CSA OrthoCarolina Sportsplex
- Interactive map of CSA OrthoCarolina Sportsplex
- Full name: CSA OrthoCarolina Sportsplex
- Location: 13301 Dorman Rd, Pineville, North Carolina
- Coordinates: 35°03′39″N 80°53′19″W﻿ / ﻿35.06078°N 80.88867°W
- Owner: Charlotte Soccer Academy
- Capacity: 750
- Field size: 80 yards x 130 yards

Construction
- Built: 2015
- Opened: 2015

Tenants
- Charlotte SA (2015–present) JWU Charlotte Wildcats (USCAA) (2016–present) Queen City FC-Charlotte (UPSL) (2021–present) Stumptown Athletic (NISA) (2019–2020)

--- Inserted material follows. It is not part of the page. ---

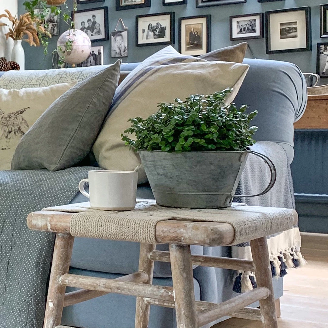 French Flower Pot with Handle. Crafted from zinc with a dusty, washed finish, this vintage style pot is the perfect rustic container for your plants or can be used for general storage.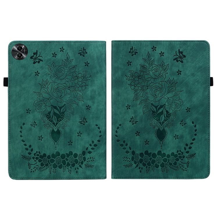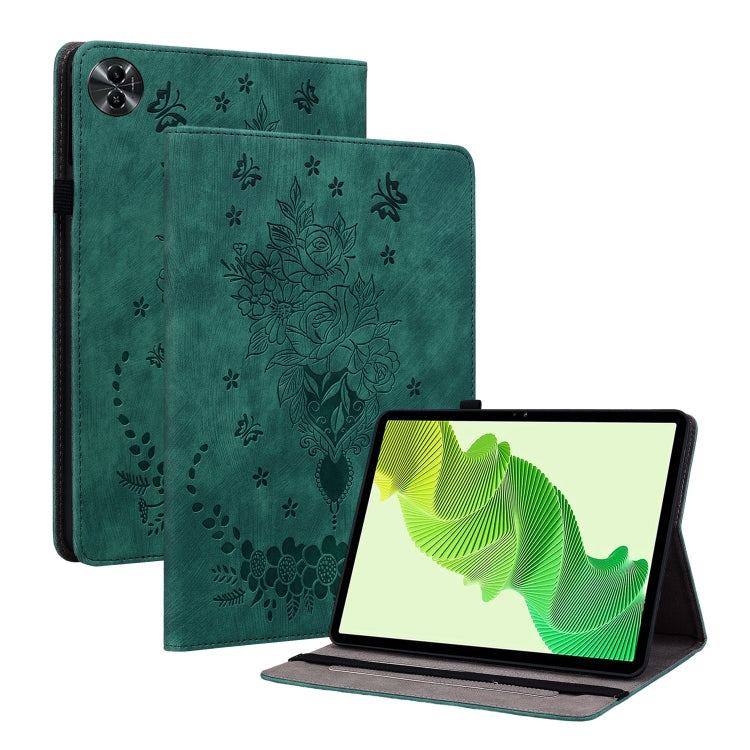 For Realme Pad 2 Butterfly Rose Embossed Leather Tablet Case(Green)

= CSA OrthoCarolina Sportsplex =

Soccer complex in North Carolina, US

The CSA OrthoCarolina Sportsplex is a soccer complex containing two stadiums located in Pineville, North Carolina, near the South Carolina state line. The complex is owned by the Charlotte Soccer Academy and sponsored by OrthoCarolina, a regional orthopedic practice.

==About==
The four outside fields opened in 2015 with the stadium fields opening one year later. The facility is owned by the Charlotte Soccer Academy, which was formed in 2009 following the merger of the South Charlotte Soccer Association and the Charlotte Soccer Club.

In 2019 the Matthews-based National Independent Soccer Association club Stumptown Athletic announced that they would play a number of "showcase season" games at the facility.